* _Exercise_
Transcribe the following entries letter for letter, without the pictures.

* _Data extracted from a collection_
....................

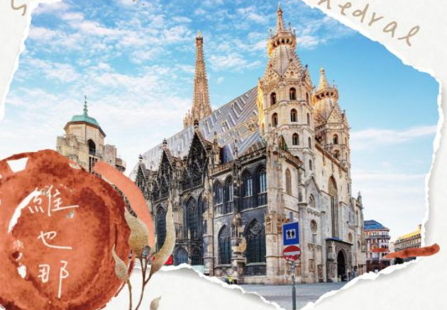
S. Stephen's Cathedral

位於奧地利維也納市中心，是天主教維也納總教區的總主教座堂，同時擁有全球第二高的哥德式尖塔。其色彩斑斕、圖案精緻的琉璃瓦拼花屋頂，更使其成為維也納最具代表性的地標之一。
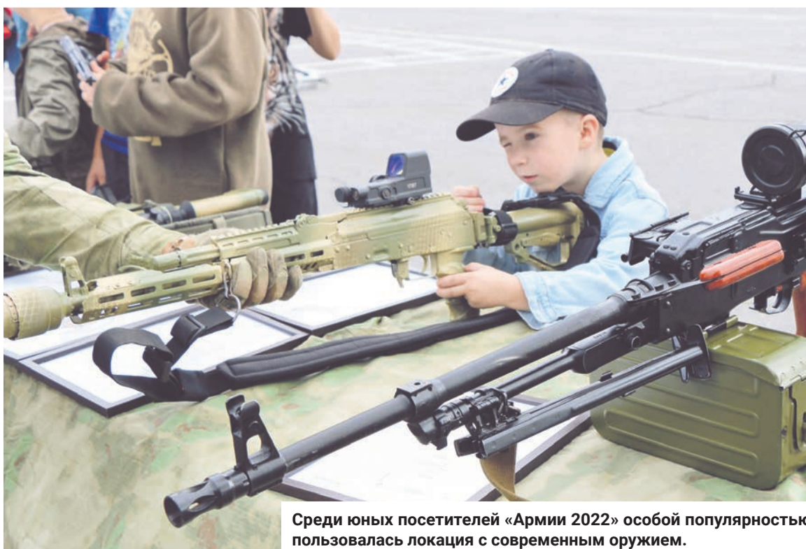
Среди юных посетителей «Армии 2022» особой популярностью пользовалась локация с современным оружием.

Одной из особенностей этого военно-технического форума стала акция, организованная по инициативе Министерства обороны и Северного флота «Сила в правде». Большой десантный корабль «Иван Грен» на время превратился в плавучую выставку, музей. И вдвойне приятно, что первыми ее оценили жители флотской столицы. Все желающие могли ознакомиться с историей Северного флота и уникальными артефактами периода Великой Отечественной войны в Заполярье, с современным вооружением береговых войск, надводных кораблей и подводных лодок ВМФ России, узнать о подвигах российских военнослужащих, принимающих участие в специальной военной операции на Донбассе и Украине, увидеть военные трофеи. Музыканты военного оркестра и Ансамбля песни и пляски Северного флота исполнили для посетителей корабля известные композиции и патриотические произведения.
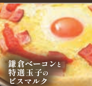
鎌倉ベーコンと 特選玉子の ビスマルク
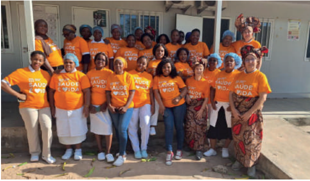
Centro de Saúde Mutava Rex: o agradecimento macua "com capulana e lenço"
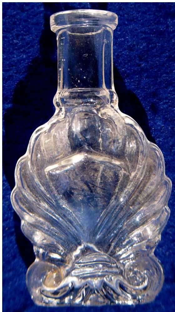
Abb. 2011-4/048 Flakon mit Muschel-Form farbloses Glas, H 7 cm, B 3,7 cm Sammlung Stopfer s. MB „Parfumerie-, Conserven-, Medicin-Gläser W. Limberg & Co., Glashütte Gifhorn“ von 1896, Blatt 41 Flacons und Pomadegläser, Nr. 2137 10 g aus Dröge / Gabriel, Gifhorner Glashütte, 2010, S. 225

Das letzte Objekt fällt ein wenig aus dem Rahmen. Es ist kleiner, rund und hat 3 Formnähte . Das Muster besteht aus Ranken & Blüten .
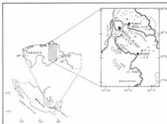
Fig. 1. Reserva de la Biósfera "Los Pantanos de Centla", Tabasco

Esta fase se concentró a 2 ml y se purificó por cromatografía en columna usando alúmina y sulfato de sodio para obtener dos fracciones: la fracción I contiene los hidrocarburos alifáticos o parafinas y se eluyó con hexano; la fracción II abarca los hidrocarburos aromáticos, los cuales se eluyeron con una mezcla de hexano:diclorometano y finalmente diclorometano. Ambas fracciones se concentraron hasta 1 ml, se trasvasaron a viales y se llevaron a sequedad, las dos fracciones se analizaron por cromatografía de gases, empleando
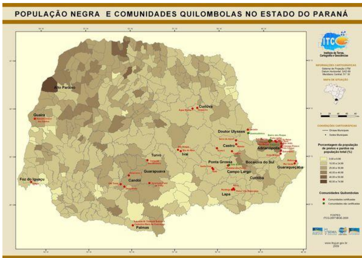
Figura 1 – População negra e comunidade quilombolas no Paraná

....................

* _Response to the task_
S. Stephen's Cathedral

位於奧地利維也納市中心，是天主教維也納總教區的總主教座堂，同時擁有全球第二高的哥德式尖塔。其色彩斑斕、圖案精緻的琉璃瓦拼花屋頂，更使其成為維也納最具代表性的地標之一。
Среди юных посетителей «Армии 2022» особой популярностью пользовалась локация с современным оружием.

Одной из особенностей этого военно-технического форума стала акция, организованная по инициативе Министерства обороны и Северного флота «Сила в правде». Большой десантный корабль «Иван Грен» на время превратился в плавучую выставку, музей. И вдвойне приятно, что первыми ее оценили жители флотской столицы. Все желающие могли ознакомиться с историей Северного флота и уникальными артефактами периода Великой Отечественной войны в Заполярье, с современным вооружением береговых войск, надводных кораблей и подводных лодок ВМФ России, узнать о подвигах российских военнослужащих, принимающих участие в специальной военной операции на Донбассе и Украине, увидеть военные трофеи. Музыканты военного оркестра и Ансамбля песни и пляски Северного флота исполнили для посетителей корабля известные композиции и патриотические произведения.
鎌倉ベーコンと 特選玉子の ビスマルク
Centro de Saúde Mutava Rex: o agradecimento macua "com capulana e lenço"
Abb. 2011-4/048 Flakon mit Muschel-Form farbloses Glas, H 7 cm, B 3,7 cm Sammlung Stopfer s. MB „Parfumerie-, Conserven-, Medicin-Gläser W. Limberg & Co., Glashütte Gifhorn“ von 1896, Blatt 41 Flacons und Pomadegläser, Nr. 2137 10 g aus Dröge / Gabriel, Gifhorner Glashütte, 2010, S. 225

Das letzte Objekt fällt ein wenig aus dem Rahmen. Es ist kleiner, rund und hat 3 Formnähte . Das Muster besteht aus Ranken & Blüten .
Fig. 1. Reserva de la Biósfera "Los Pantanos de Centla", Tabasco

Esta fase se concentró a 2 ml y se purificó por cromatografía en columna usando alúmina y sulfato de sodio para obtener dos fracciones: la fracción I contiene los hidrocarburos alifáticos o parafinas y se eluyó con hexano; la fracción II abarca los hidrocarburos aromáticos, los cuales se eluyeron con una mezcla de hexano:diclorometano y finalmente diclorometano. Ambas fracciones se concentraron hasta 1 ml, se trasvasaron a viales y se llevaron a sequedad, las dos fracciones se analizaron por cromatografía de gases, empleando
Figura 1 – População negra e comunidade quilombolas no Paraná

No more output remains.